But the Old Testament contains an allegory--for the story is
preposterous as history--which shows the ancient writers of
sacred ideological constructions using the shin-sin
difference to point the moral that the soul that can pronounce the full SH
sound of the letter has taken the right path and completed its evolution
to divinity; while the one that can enunciate only the S sound has taken the
left-hand path to "sin" and must return to earth, the land of "death" for
further schooling in life. The guards at the Jordan fords were instructed to
subject the Ephraimites on the east side of Jordan who wished to cross to enter
the Holy Land (not of Judea, but of spiritual consciousness) to a simple test:
require each man who crosses to pronounce the key word Shibboleth. But,
says the story, in every case "he said Sibboleth." The direful result was
that forty-two thousand Ephraimites who could not convert the S indicating
sin into the divine SH were put to the sword on one day. They were still
on the left-hand path of sin, not yet ready to "cross the river" into the
land of spiritual blessedness.
It seems worthy of remark that not in twenty centuries has the
easy esoteric unraveling of this simple and evident cryptogram come through to
the intelligence of any scholar. How a Hebrew exegetist could long miss it is
not comprehensible. Furthermore, how it could have been mistaken for history,
for an actual event, is still far more incomprehensible. Yet Fundamentalists
still claim that it "happened." If you assert that "history" was only a few
thousand years ago a run of miracles, of course it neither needs nor can have an
explanation. One is just to gape in awe at the Lord's wondrous doings and be
sanctified of soul,--if stultified of mind.

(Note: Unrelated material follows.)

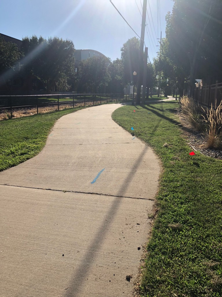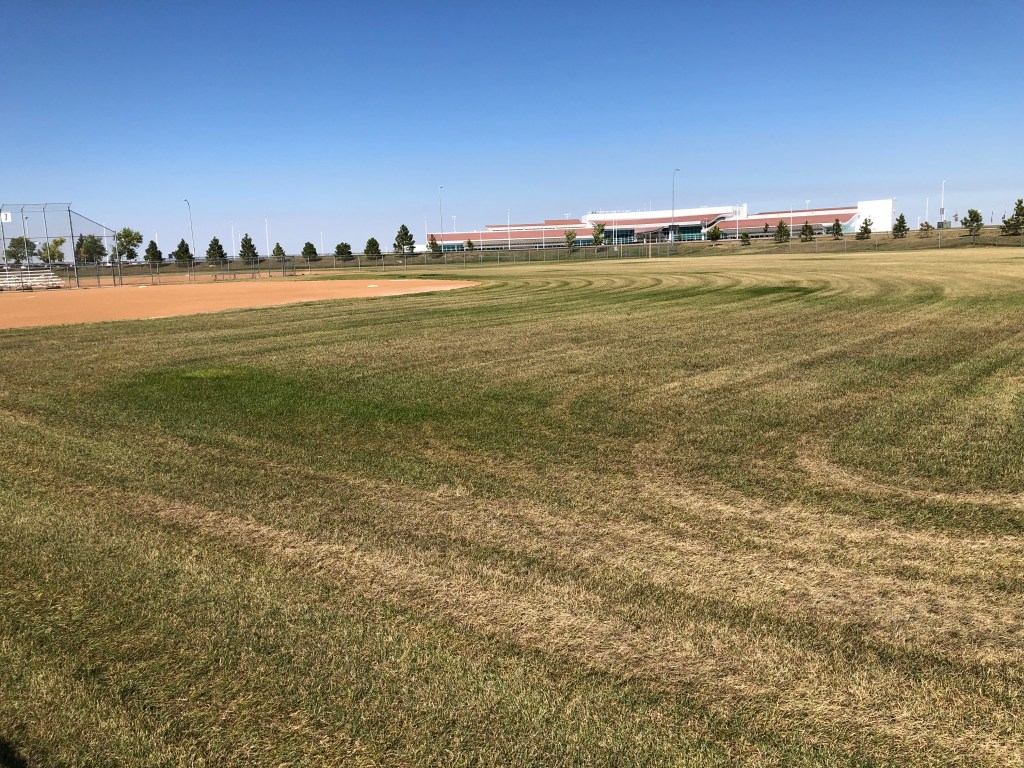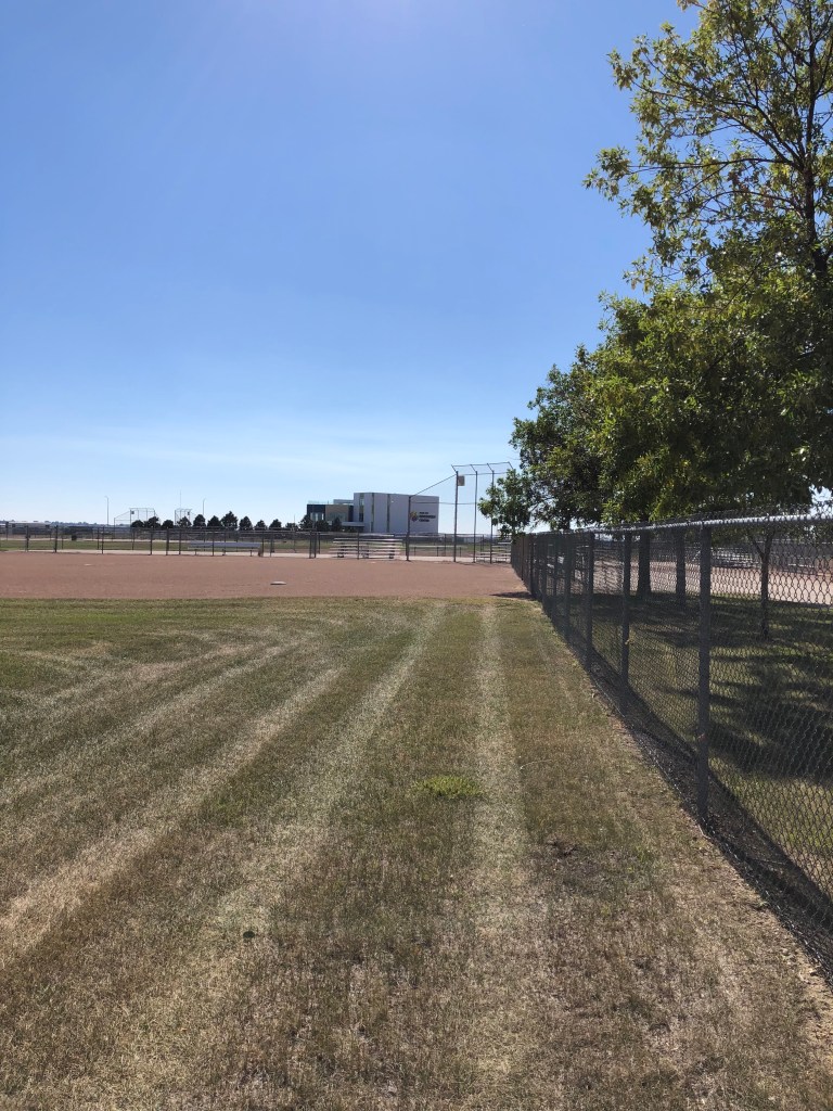 It made for a nice run. Very flat, and the grass was cut relatively low. It looked like there have been some teams running laps around the perimeter as well – you could see a defined trail along the inside of each outfield fence. I was a fair distance from any traffic – if you can call what Minot has traffic. It was a sunny, breezy, beautiful North Dakota day.

If the S and SH sounds carried the intimation of fire plunging
into water, a special use of these letters in the old Egyptian hieroglyphic
language seems to fall into conformity with the same idea. The S (SH) was
consistently prefixed to verbs to express the idea of setting off the action
which the verb indicated, to give the action its initial push, or s-tart, as it
were. The likelihood of the origin of this usage from the basic
fire-going-into-water thesis will not so hastily be scouted if it is reflected
that in the creation no real beginning in the visible worlds can have been made
until the fire of spirit potency has radiated forth from the divine thought and
impregnated the sea of matter (water.) The visible and audible work of creation
starts only when the two nodes of being approach each other and establish
tensional relation between themselves. As many a scientific speculator has
predicted, the early stages of earth's
formation brought together the chemical elements of fiery gases
and humid vapors, the precipitates from the mixture finally forming the first
earthly and mineral substances. Those early periods might, in the Egyptian
sense, be termed the hissing, or S (SH) stage of planetary evolution.
An example of the inceptive force of the S in the hieroglyphics
is seen in the Egyptian word MNKH (MeNKH), which as adjective means firm,
stable. But, made into a verb, it becomes SMNKH (SMeNKH), meaning to make
firm, stabilize, establish. It is also likely that in this word MeNKH we
have another prime example of the M-N reference. In relation to its meaning of
firmness and stability, it is to be recalled that a passage from the Egyptian
Book of the Dead described this world of life on earth as "the place of
establishing forever." Also in the M-N connection it is highly significant that
the Egyptian name for this lower region, the "underworld" or "nether earth" of
their system, was Amenta, composed of the name of the God Amen and
ta, meaning earth. Also significant is the name of this god, made
up of the A and the M and N, for he was called "the god in hiding," and his
hieroglyph is a god seated under a canopy. Obviously he then is the
personification of the divine nature hidden under the canopy of our mortal
flesh.
All this should be a specific guiding datum for philosophical
science, inasmuch as orthodox theology has loaded the evolutionary marshland, or
Reed Sea, of the earthy-watery human body with heavy contumely as the place
where only fleeting ephemeral influences affect, if not afflict, the soul with
evil. That it is, on the contrary, the place where the soul establishes forever
its grounding in fundamental realities, is a tenet of the sacred and secret
wisdom of the Egyptian sages which must be made one of the chief stones in the
new temple of rational religion now in process of building.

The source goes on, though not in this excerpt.